En realidad, estas sustancias tienen efecto abortivo pues alteran la pared del útero de modo tal que se vuelve incapaz de anidar al óvulo fecundado, es decir, al ser humano ya concebido, el cual por tanto muere.
Es el Fondo de Población de las Naciones Unidas el que promueve este reparto de implantes abortivos. Es claro que la finalidad es el control de la población y no la preocupación por el “embarazo adolescente”, salvo en la medida en que éste contribuye a aumentar la población.
En un país despoblado y envejecido como el nuestro, es demencial promover este tipo de políticas.
Además del atentado contra el derecho a la vida del no nacido, aquí se está violando el derecho de las mujeres al consentimiento informado. Se las engaña afirmando el efecto solamente anticonceptivo del mecanismo.

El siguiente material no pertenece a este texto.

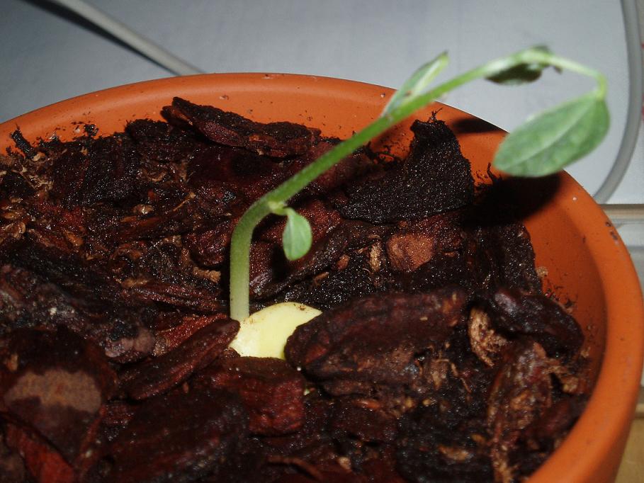 heute war der sprösslig etwa 6 cm gross. das ist gross genug, um zu pikieren. gesagt, getan. also pflanz ich das teil um. diesmal habe ich meine orichideenerde mit normaler blumenerde gemischt.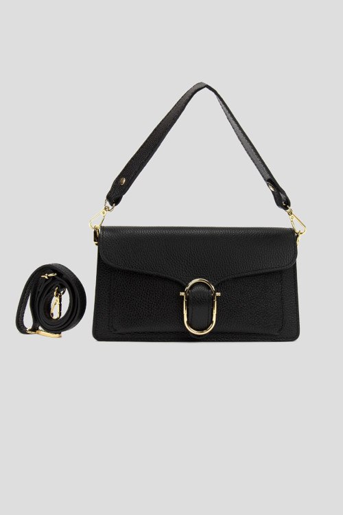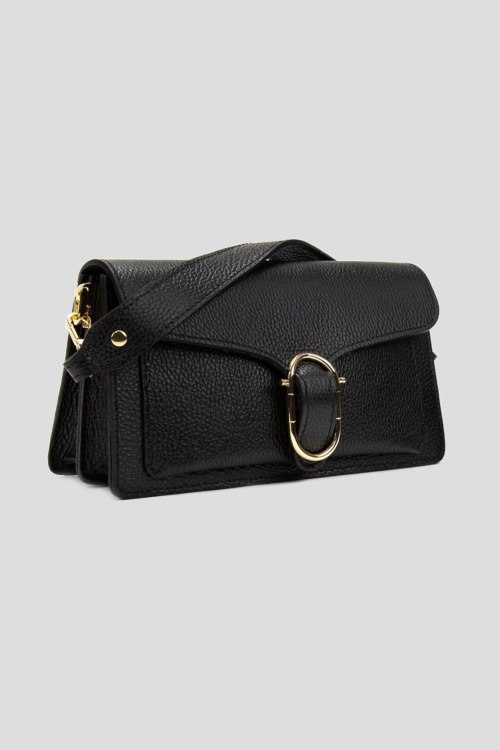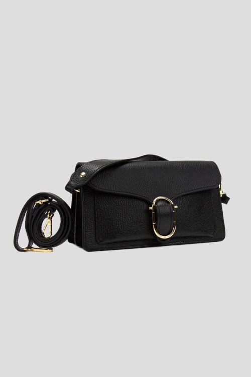 Детали: Женская черная сумка кросс-боди из натуральной кожи от Firenze Italy (Фирензе Итали). Одно основное отделение, дизайн с клапаном на магнитной кнопке, два внутренних кармана, карман-перегородка на молнии, тонкий плечевой ремень длиной 60-120 см, съемная ручка размером 47 см, текстильная подкладка, золотистая фурнитура. Размер: 25 x 14 x 8 см

Hay muchas mujeres que están en contra del aborto y que no aceptarían el implante si conocieran su verdadero efecto.
Agréguense además las frecuentes hemorragias debidas a su uso que hacen que un porcentaje importante de usuarias en todo el mundo lo devuelvan antes del plazo inicialmente acordado.
Igualmente nos enteramos de que el millonario Soros, promotor de la legalización de la marihuana, quiere donar 500.000 dólares a centros universitarios para que investiguen los efectos del “experimento” que está llevando a cabo sobre nuestra población.
¿Tendrá garantías de imparcialidad una investigación sobre las bondades o maldades de un “experimento” que es financiada por el mismo experimentador? ¿No hay que ver esto más bien como una maniobra destinada a silenciar a la academia o a lograr su aval para el “experimento”?
¿Qué futuro puede quedarle a nuestro país con medidas como éstas?